Russian Natural Gas Flows to EU Stable Despite Nord Stream 2, Political Issues

High volumes of Russian natural gas keep flowing to the European Union despite long-running disputes over pipelines, competition, and Ukraine, the latest S&P Global Platts guide to EU-Russian natural gas relations shows.

Flows via Gazprom’s Nord Stream pipeline to Germany hit a record high of 51 Billion cubic meters (Bcm) in 2017, helped by increased access to the onshore OPAL gas pipeline, at first just in January and then continuously from August.

The European Commission’s decision in October 2017 to allow Gazprom to access up to 12.8 Bcm/year of extra OPAL capacity through public auctions was intended to settle that particular dispute, running since 2013.
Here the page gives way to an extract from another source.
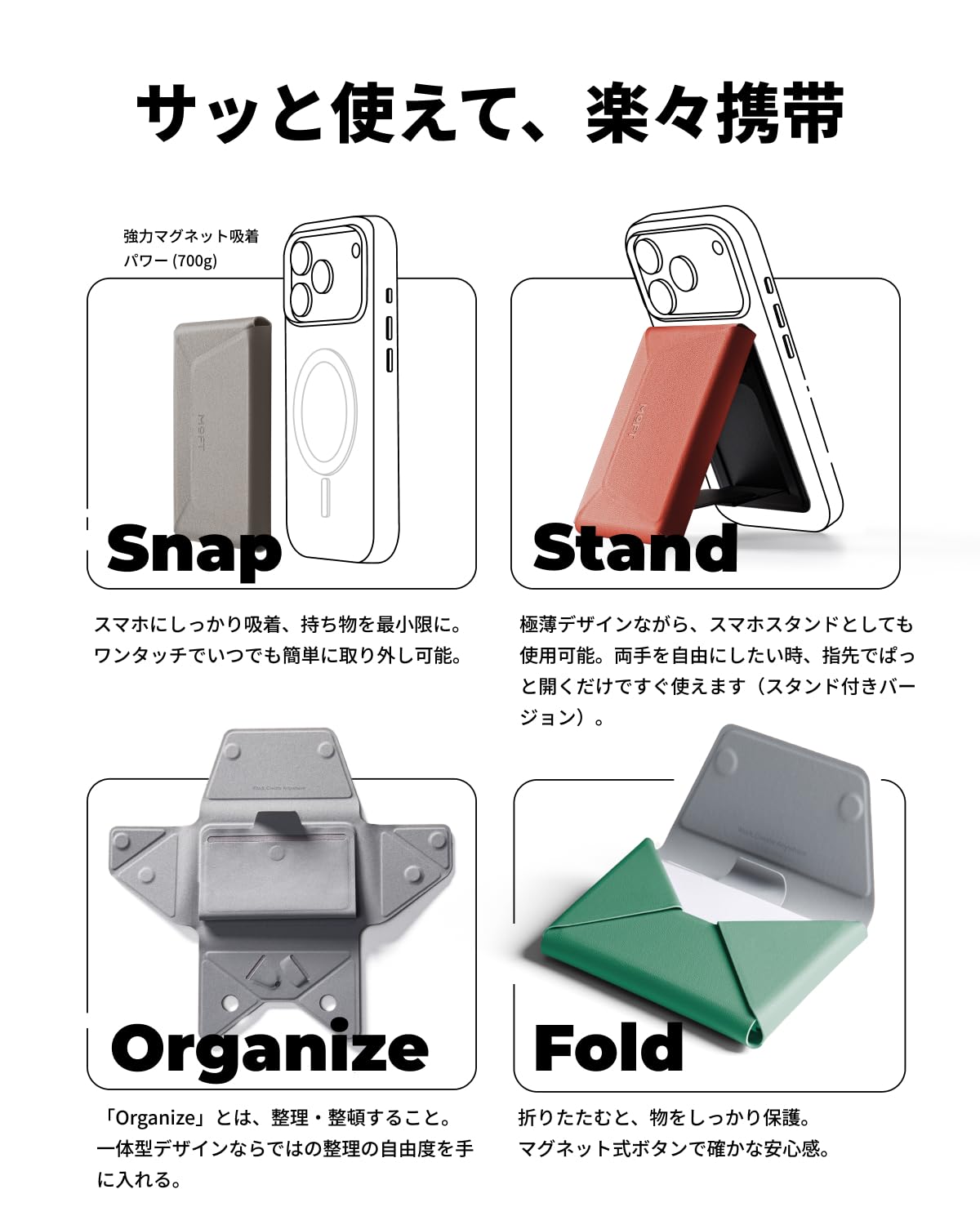 MOFT【公式直営店】多機能カードケース&スタンド MagSafe対応 スマホスタンド 財布 カードケース 折りたたみ式 大容量 最大8枚カード·SIMカード収納 名刺入れ コンパクト 薄型 軽量 MOVAS™耐久素材 多機能 全機種対応 外出 旅行 ビジネス 日常に便利 ジェットブラック (スタンド付き)

But state-owned Polish gas company PGNiG gained an interim court order to suspend the decision, causing the interruption in capacity sales from February to July. It has also asked the EU General Court in Luxembourg to annul the decision completely.
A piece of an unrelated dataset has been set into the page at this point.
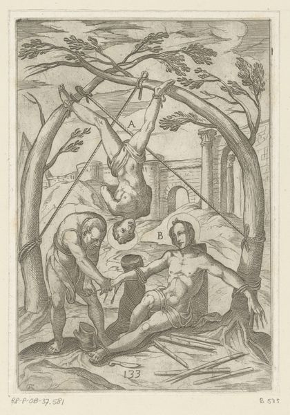 Curator: This engraving, whose title translates to "Child sitting in shadow by a tree, crucified angel", was created between 1590 and 1624 by Boëtius Adamsz. Bolswert. It’s currently held in the Rijksmuseum. What are your first impressions? Editor: Stark. The high contrast gives it an almost brutal feel, and that angel nailed to the tree is frankly disturbing. The figure kneeling below is a compelling focal point, drawing me into some implied narrative. Curator: Absolutely. The engraving masterfully uses light and shadow to create this dramatic tension. Notice how the angel, while central, is literally pinned to the tree. What symbolism might the ‘crucified angel’ convey in relation to the kneeling child? Editor: That’s the compelling point! The image presents such a paradoxical allegory: salvation or suffering, innocence under threat? We might explore contemporary religious and social structures, the period's preoccupation with original sin, or perhaps Bolswert's views of the established church. The politics of imagery! Curator: Intriguing analysis. Focusing purely on its composition, I'd note the visual hierarchy. The lines of the tree and the angel's form lead directly to the child. This is supported by Bolswert's exquisite rendering of textures, distinguishing the rough bark from the soft folds of the child’s garment. Editor: Precisely, it raises further questions. Is this child seeking refuge or forgiveness? What are the politics embedded here between authority, represented by the angel nailed, and innocence, signified by the child. Curator: The context adds significant layers. This era saw profound social shifts. Considering Bolswert’s background would reveal further intentions regarding the role of religious authority at the time. Editor: Well, my initial unease has now deepened. It’s a credit to the piece’s power that it generates these unsettling but productive questions about representation and ideology. Curator: Agreed. This print displays a potent artistic dialogue between the sacred and the profane, visualized via formal elements and shaped through historical conditions.
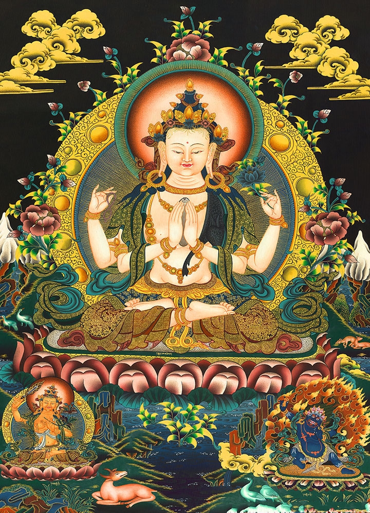 | 本公司大部分商品6一10天到貨。不接急單。急單的客戶請不要下單。感謝諒解與合作! 訂做如意惺特價/清御用錦緞精品佛像/C款三怙主四臂觀音菩薩唐卡 訂做唐卡需要10天的貨期,付款后10天左右,如果特別趕的師兄請慎重拍!我們首先要保證質量才能!敬請諒解! 細節圖片展示

The court has said it will rule on this in 2019, and that capacity booked for after this ruling may not be guaranteed. That leaves an element of doubt over Gazprom’s future access to OPAL until the ruling is given.

Still, with Russia’s relations to the West at a low, Europe’s energy needs seem to outweigh any disputes, especially in the case of the Nord Stream 2 pipeline.

To the project’s powerful backers, many of whom come from the EU itself, the mega-project will mean cheaper, cleaner and more abundant energy to meet the continent’s needs for decades to come. Opponents – including the United States – see something far darker: a geopolitical power play that gives Russia leverage to punish wayward neighbors and to blackmail European powers who may talk tough against Moscow but are growing ever-more reliant on its gas.

“I’ve never seen a commercial project so intensely debated at the highest levels of European politics,” the European Commission’s vice president for energy matters Maros Sefcovic said recently. “This project is really polarizing the EU.”